Author profiling from text has been an interesting topic recently because of the increase in the availability of texts. This is mostly because of the internet where text is one of the forms of communication. This could be present in blogs, websites, customer reviews, and even twitter posts.

While author anonymity has been present mostly in the web, using profiling can be useful, especially in aspects such as marketing, advertising, as well as security. Profiling mainly uses such text to determine certain aspects of the author such as age, gender, and certain personality traits. The idea is that certain topics or word usage comes are affected by such aspects. For instance, talking about bands or any trending music at the time would be a topic for teenagers. This is not always easy since some people can always think not on their age, and that would affect the writing. Some people can write fiction and it can be that the text was written from the perspective of someone with a different personality type.

However PAN is making an effort in this aspect. In this year’s edition of PAN for author profiling, the task is specific to author profiling of twitter users in 4 languages english, dutch, italian, and spanish. The tasks include profiling for age, gender, and the big five personality traits - agreeability, conscientiousness, extrovertedness, openness, and stability [ 6 ].

Some approaches have been used previously that are similar. For instance, in [ 2 ], they used 405 function words, a list of ngrams part of speech tag where they used 500 most common ordered triples, 100 common ordered pairs, and all single tags, to categorize text by gender. In [ 7 ], both style-based features (POS tags, function words, blog words, and hyperlinks) and content-based features (content words and hand-crafted LIWC) were used to classify by age and gender. In the previous year, PAN also had ran author profiling but on different sources, not just tweets. In [ 3 ], the method used to represent terms in a space of profiles and then represent the documents in the space of profiles and subprofiles were built using expectation maximization clustering.

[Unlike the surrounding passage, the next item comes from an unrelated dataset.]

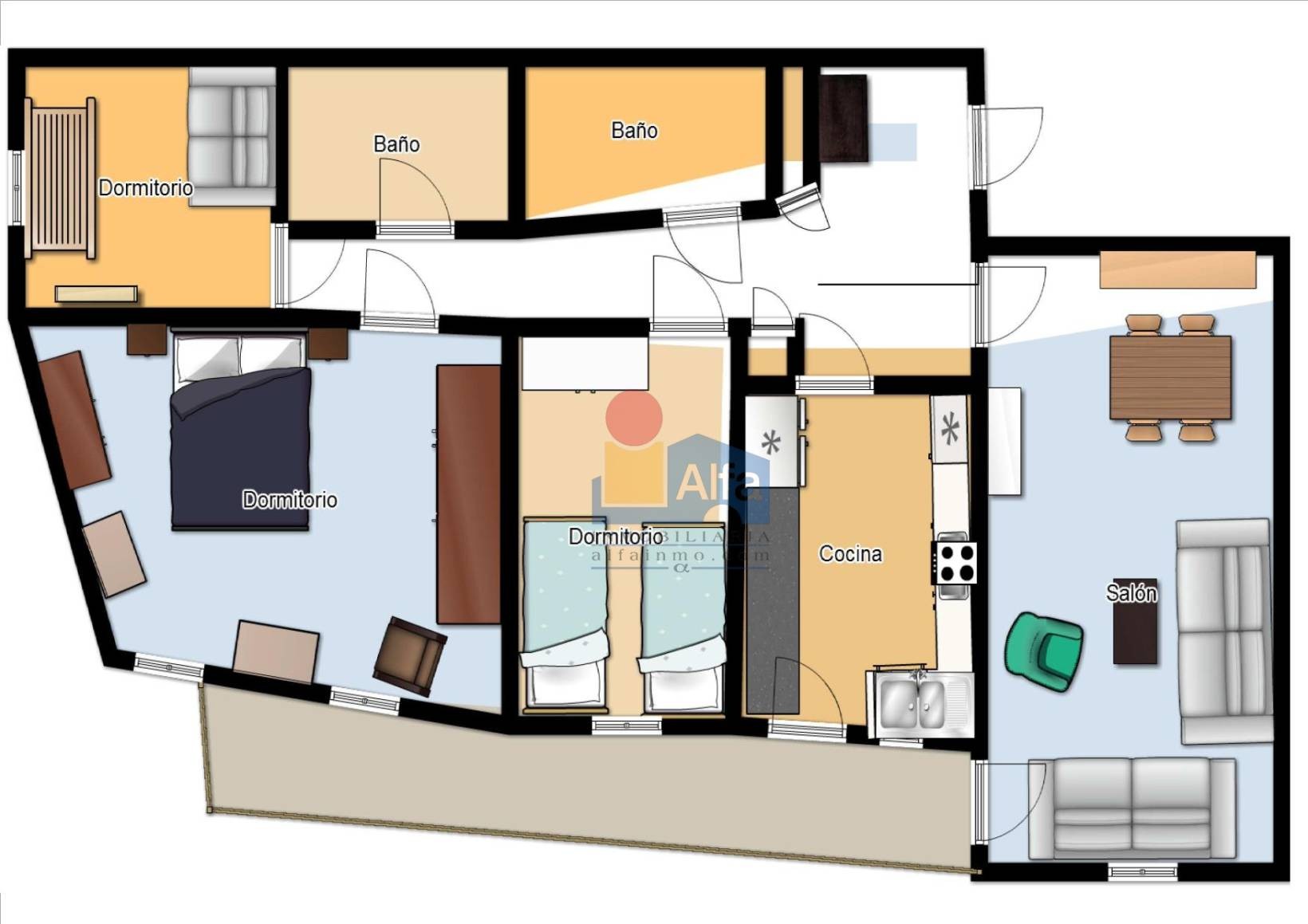 La vivienda cuenta con 104 m² construidos, distribuidos de forma muy funcional. Dispone de tres habitaciones, perfectas para garantizar comodidad y descanso, y dos baños uno con bañera y otro con posibilidad de adaptar plato de ducha.

In [ 4 ], ngrams were used with stopwords, punctuations, and emoticons retained, and then idf count was also used before being processed with 5 different classifiers. Liblinear logistic regression returned with the best result. In [ 9 ], different features were used that were related to length (number of characters, words, sentences), information retrieval (cosine similarity, okapi BM25), and readability (Flesch-Kincaid readability, correctness, style). This was used on 7 different classifiers. Another approach is to use term vector model representation as in [ 8 ]. For the work of Marquardt et. al in [ 5 ], they used a combination of content-based features (MRC, LIWC, sentiments) and stylistic features (readability, html tags, spelling and grammatical error, emoticons, total number of posts, number of capitalized letters number of capitalized words).

Since this is the first attempt at a submission to PAN, we opted to take a simpler approach of using tfidf, function words, some stylistic features, and text bigrams. 2

Methodology

For a first submission to this task, we decided to use the same approach for all the tasks. The method we used is more or less straightforward - basic feature extraction, concatenating the different features, then use the combined features for classification or regression, and use 10 fold cross validation. 2.1

Features Vector Creation

There are four main feature types used in this submission and each processed separately. The first would be the tfidf features. Term frequency-inverse document frequency or tfidf is one of the most common features obtained.

Before running the feature extraction for tfidf, preprocessing was done to the tweets obtained. For this task, all tweets from a single person were concatenated. Numbers were removed, and turned into lower case equivalents. Then stopwords from the NLTK toolkit [ 1 ] were removed from the set of words. Finally, the resulting words were used to find at tfidf vector representation through the scikits-learn python library. The vector was set to 10000 and discard the excess based on the document frequency. The defaults were chosen for the vectorizer. It should also be noted some of the tfidf representations did not maximum of 10000 in terms of dimensions.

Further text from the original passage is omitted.